▶ [What the task requires]: Starting with the first line of the listing, quote each line exactly until and including the one with "Slated for completion", leaving pictures out.

▶ [Data block]:

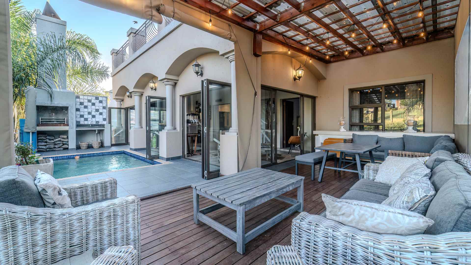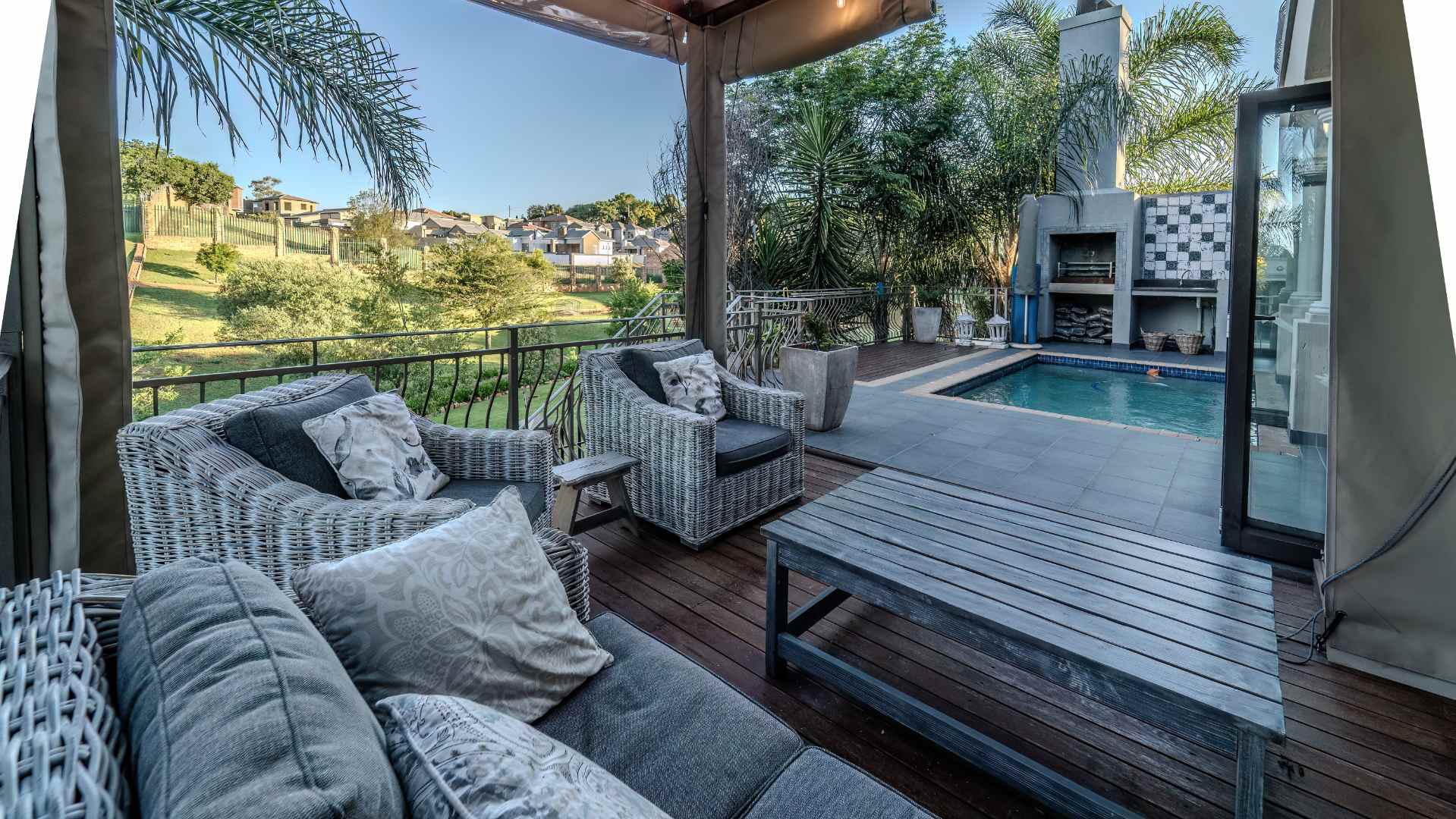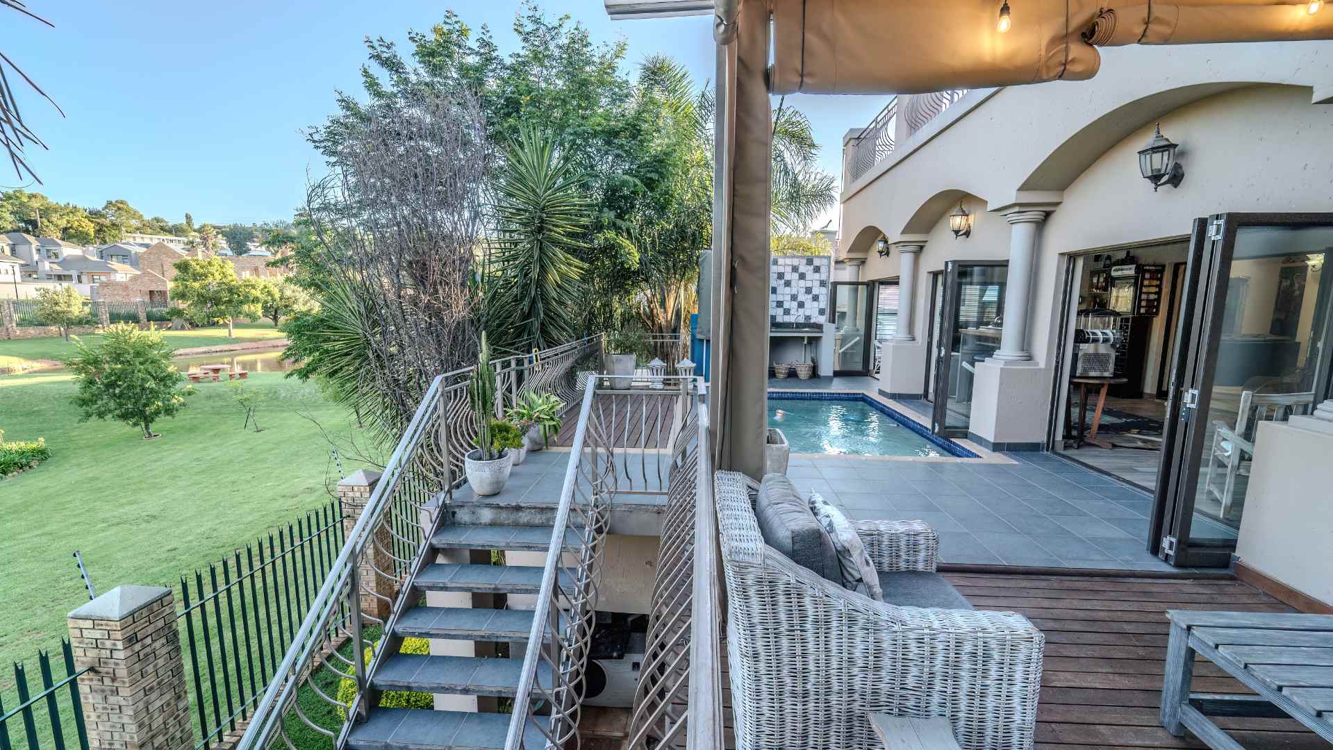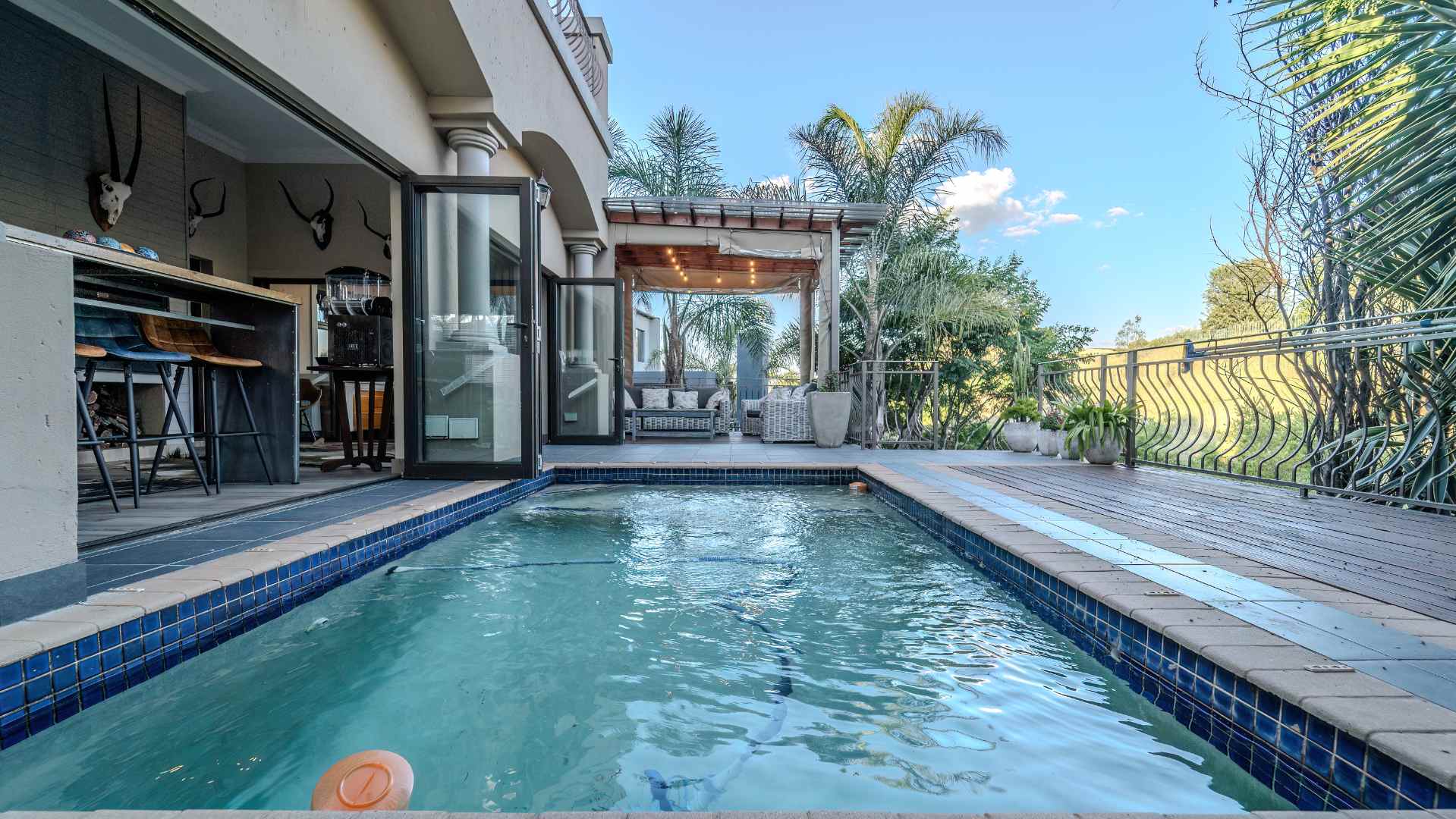 Step into a realm where the entertainment area seamlessly opens onto a veranda, treating you to panoramic views that redefine luxury. Dive into the heated swimming pool, surrounded by lush greenery, and revel in the tranquility of two enchanting fish ponds.
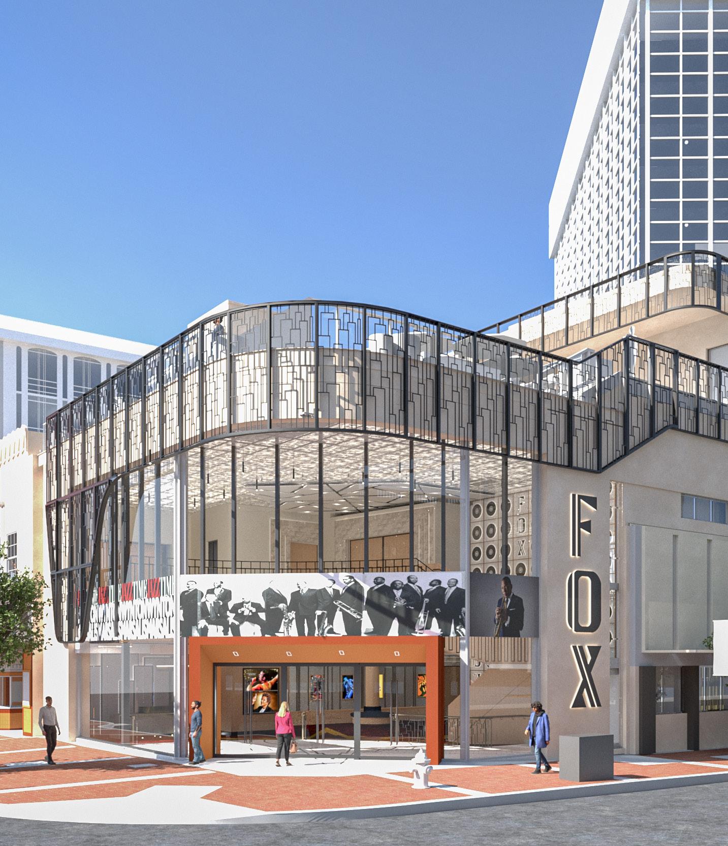 Slated for completion in 2030, the expansion will introduce a new lobby, event space, performing arts center, and rooftop bar; while preserving the soul of the historic Fox.
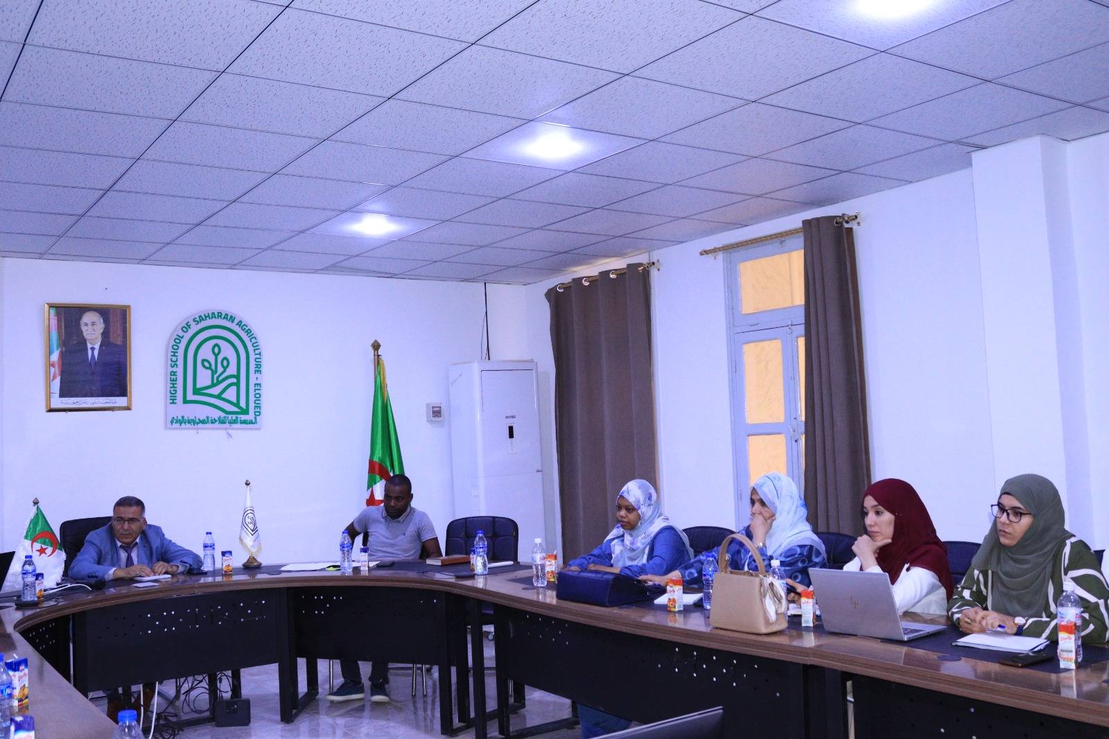 An important meeting was held at the Higher School of Saharan Agriculture in El Oued, bringing together members of the expanded technical committee responsible for selecting scientific and pedagogical equipment for the various specializations within the framework of the investment budget. The meeting was chaired by the Director, Professor Elhabib GUEDDA, and included a detailed presentation of the specifications of the proposed equipment and their relevance to supporting the School's pedagogical activities. Discussions focused on reviewing the technical features of each item and assessing its suitability for the needs of the departments concerned. The meeting concluded with agreement on the next steps to finalize the selection process in accordance with the School's academic priorities.
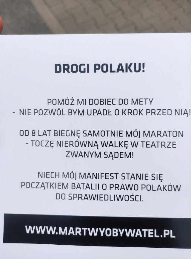 Po 30 latach płacenia podatków, nie otrzymałem pomocy od wymiaru sprawiedliwości i z powodu braku dostępu do rzetelnego dochodzenia należnych mi praw – rozpocząłem akcję społeczną Martwy Obywatel – jako człowiek i przedsiębiorca oszukany i skrzywdzony przez system – ponad 10 lat bezustannej i samotnej walki zmusza mnie do ostateczności – skoro nasz rząd nie jest w stanie zadbać o nasze prawa, to musimy zmienić ten system – doprowadzić do prawdziwych zmian w sądach i urzędach, i przestać tolerować niekorzystne działania polityków, zwane przez nich niesłusznie reformami.

▶ [Result of this task]:
 Step into a realm where the entertainment area seamlessly opens onto a veranda, treating you to panoramic views that redefine luxury. Dive into the heated swimming pool, surrounded by lush greenery, and revel in the tranquility of two enchanting fish ponds.
 Slated for completion in 2030, the expansion will introduce a new lobby, event space, performing arts center, and rooftop bar; while preserving the soul of the historic Fox.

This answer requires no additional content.